Interestingly, the Kelo decision created a tremendous backlash in the states. And according to the Castle Coalition, a group focused on battling eminent domain abuses, 44 states since Kelo have passed laws beefing up protections against eminent domain abuse to varying degrees.

This past November, voters in Mississippi approved a constitutional amendment seeking to stop the taking of private property for private development. For good measure, in November this year, Virginia voters will have their say on a proposed constitutional amendment that would restrict takings of private property for only public uses.

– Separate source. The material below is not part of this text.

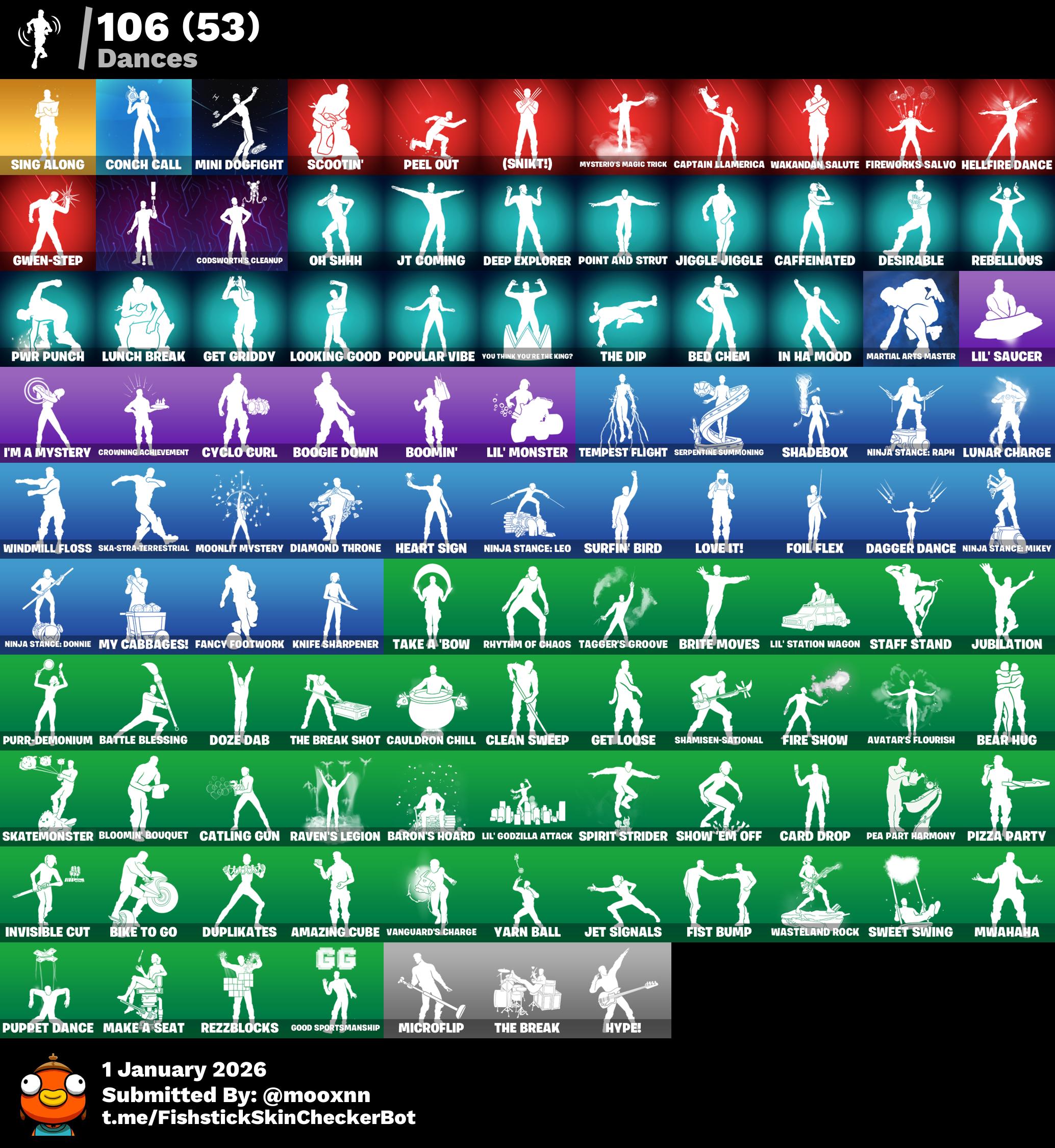 حساب نادر وفيه رقصات نادره وفيه سمكه البطوله وكرة القدم الامريكيه وفيه طور الزومبي يعني فيبوكس لا نه...

But on top of these state actions, the federal government needs to engage as well. Sensenbrenner observed, “Although several states have independently passed legislation to limit their power to eminent domain, and the Supreme Courts of Illinois, Michigan, and Ohio have barred the practice under their state constitutions, these laws exist on a varying degree. The Private Property Rights Restoration Act will provide American citizens in every state with the means to protect their private property from exceedingly unsubstantiated claims of eminent domain.”

H.R. 1433 would stop the federal government from using its eminent domain powers for economic development, and prohibit states and localities from doing so if they receive federal economic development dollars. Similarly, the legislation would prohibit governments from using eminent domain against religious or nonprofits organizations due to their tax-exempt status.

It was refreshing to see the Private Property Rights Restoration Act pass the House by an overwhelming voice vote. Now, it’s up to the Senate, where similar legislation has died in the past.

Among government’s primary duties is to protect private property, not steal it. For good measure, strong property rights are essential to economic development. No one should be opposed to this legislation. Kudos to Democrats and Republicans in the U.S. House of Representatives for this rare and positive bipartisan action.

Raymond J. Keating is the chief economist for the Small Business & Entrepreneurship Council. His new book is “Chuck” vs. the Business World: Business Tips on TV.